* WORK TASK *
In the records below, find the line holding "Soundman2020 wrote:Source of" and the line holding "23k 本革 ライトゴールド". Set down both, with every line between them, exactly.

* THE DATA *
+-------+
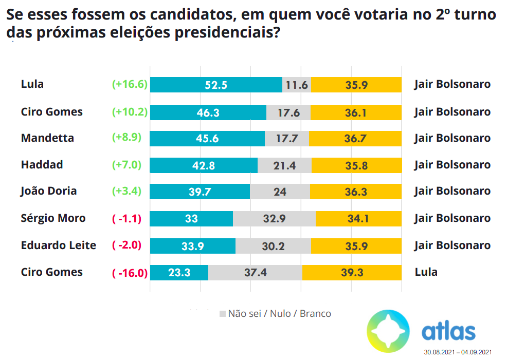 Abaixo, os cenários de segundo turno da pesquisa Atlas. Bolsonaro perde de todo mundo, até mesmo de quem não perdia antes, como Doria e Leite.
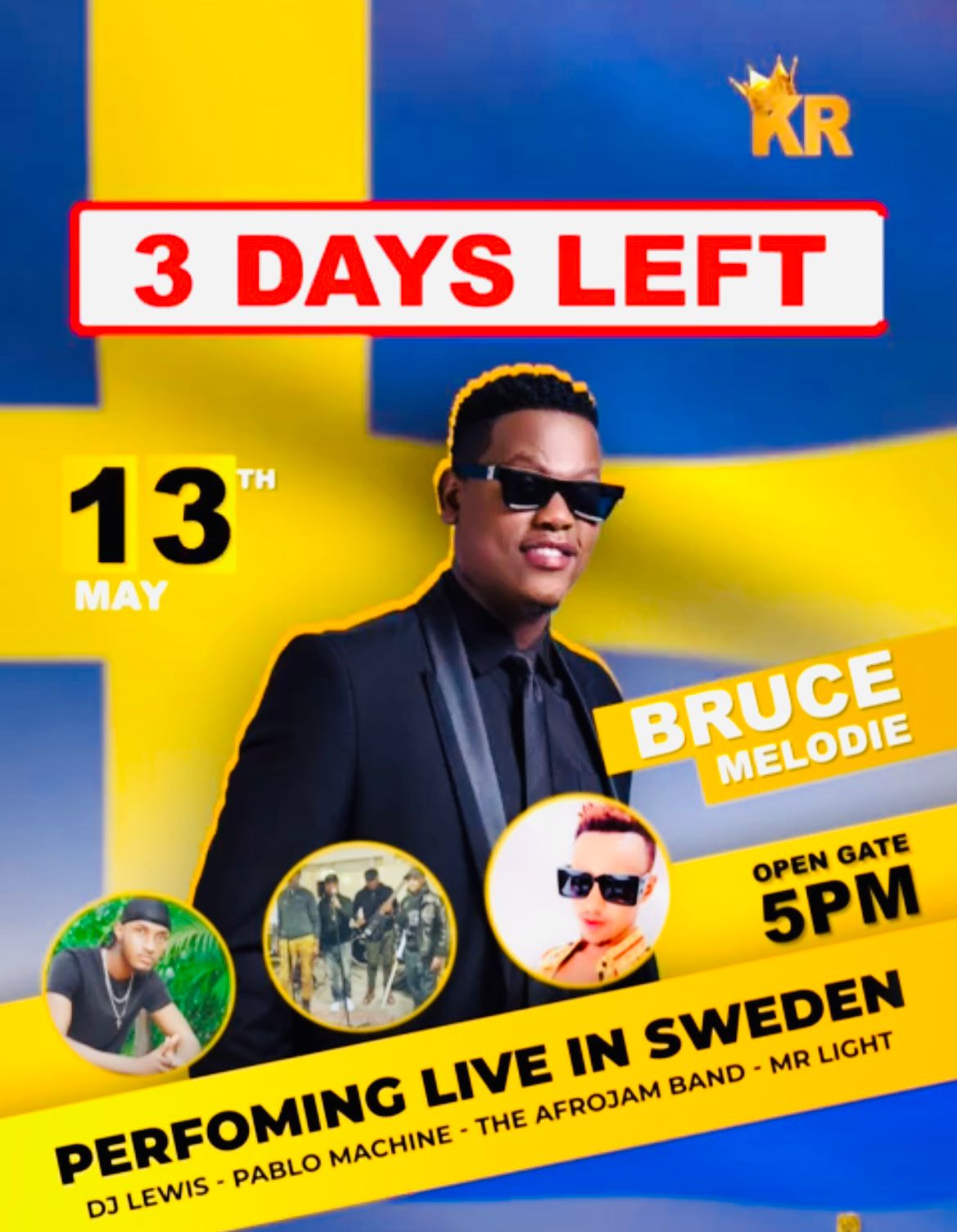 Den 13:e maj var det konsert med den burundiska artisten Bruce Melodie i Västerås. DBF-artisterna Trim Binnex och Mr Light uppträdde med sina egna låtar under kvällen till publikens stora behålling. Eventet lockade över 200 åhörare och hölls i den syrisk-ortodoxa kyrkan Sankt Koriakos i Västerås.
+-------+
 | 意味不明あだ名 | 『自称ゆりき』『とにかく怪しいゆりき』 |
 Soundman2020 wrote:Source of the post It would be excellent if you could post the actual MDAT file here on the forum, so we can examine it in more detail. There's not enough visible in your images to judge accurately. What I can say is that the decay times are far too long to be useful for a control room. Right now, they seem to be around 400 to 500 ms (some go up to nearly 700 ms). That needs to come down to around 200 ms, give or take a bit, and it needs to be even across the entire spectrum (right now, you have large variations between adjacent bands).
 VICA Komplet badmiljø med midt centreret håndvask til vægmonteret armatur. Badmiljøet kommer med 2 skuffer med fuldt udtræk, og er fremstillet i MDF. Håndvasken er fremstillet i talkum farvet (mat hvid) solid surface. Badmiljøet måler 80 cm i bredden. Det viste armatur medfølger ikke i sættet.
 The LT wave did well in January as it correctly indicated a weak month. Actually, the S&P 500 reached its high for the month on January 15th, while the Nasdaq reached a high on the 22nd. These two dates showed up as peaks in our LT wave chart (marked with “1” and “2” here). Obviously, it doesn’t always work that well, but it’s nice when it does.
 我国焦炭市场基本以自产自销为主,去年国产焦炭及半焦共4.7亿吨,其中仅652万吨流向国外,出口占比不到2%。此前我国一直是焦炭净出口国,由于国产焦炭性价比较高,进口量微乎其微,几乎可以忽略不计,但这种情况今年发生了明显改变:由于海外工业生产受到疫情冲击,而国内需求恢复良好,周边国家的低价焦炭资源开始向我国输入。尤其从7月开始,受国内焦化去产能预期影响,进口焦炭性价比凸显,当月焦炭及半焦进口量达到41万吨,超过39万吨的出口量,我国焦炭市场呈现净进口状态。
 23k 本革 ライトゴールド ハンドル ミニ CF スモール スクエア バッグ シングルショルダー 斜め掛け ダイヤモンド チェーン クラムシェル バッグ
+-------+
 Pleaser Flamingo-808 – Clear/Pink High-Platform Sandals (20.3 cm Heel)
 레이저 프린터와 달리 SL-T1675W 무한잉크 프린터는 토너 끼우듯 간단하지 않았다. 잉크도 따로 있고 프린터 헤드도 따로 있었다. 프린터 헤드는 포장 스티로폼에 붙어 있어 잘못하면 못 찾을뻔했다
+-------+
* OUTPUT *
 Soundman2020 wrote:Source of the post It would be excellent if you could post the actual MDAT file here on the forum, so we can examine it in more detail. There's not enough visible in your images to judge accurately. What I can say is that the decay times are far too long to be useful for a control room. Right now, they seem to be around 400 to 500 ms (some go up to nearly 700 ms). That needs to come down to around 200 ms, give or take a bit, and it needs to be even across the entire spectrum (right now, you have large variations between adjacent bands).
 VICA Komplet badmiljø med midt centreret håndvask til vægmonteret armatur. Badmiljøet kommer med 2 skuffer med fuldt udtræk, og er fremstillet i MDF. Håndvasken er fremstillet i talkum farvet (mat hvid) solid surface. Badmiljøet måler 80 cm i bredden. Det viste armatur medfølger ikke i sættet.
 The LT wave did well in January as it correctly indicated a weak month. Actually, the S&P 500 reached its high for the month on January 15th, while the Nasdaq reached a high on the 22nd. These two dates showed up as peaks in our LT wave chart (marked with “1” and “2” here). Obviously, it doesn’t always work that well, but it’s nice when it does.
 我国焦炭市场基本以自产自销为主,去年国产焦炭及半焦共4.7亿吨,其中仅652万吨流向国外,出口占比不到2%。此前我国一直是焦炭净出口国,由于国产焦炭性价比较高,进口量微乎其微,几乎可以忽略不计,但这种情况今年发生了明显改变:由于海外工业生产受到疫情冲击,而国内需求恢复良好,周边国家的低价焦炭资源开始向我国输入。尤其从7月开始,受国内焦化去产能预期影响,进口焦炭性价比凸显,当月焦炭及半焦进口量达到41万吨,超过39万吨的出口量,我国焦炭市场呈现净进口状态。
 23k 本革 ライトゴールド ハンドル ミニ CF スモール スクエア バッグ シングルショルダー 斜め掛け ダイヤモンド チェーン クラムシェル バッグ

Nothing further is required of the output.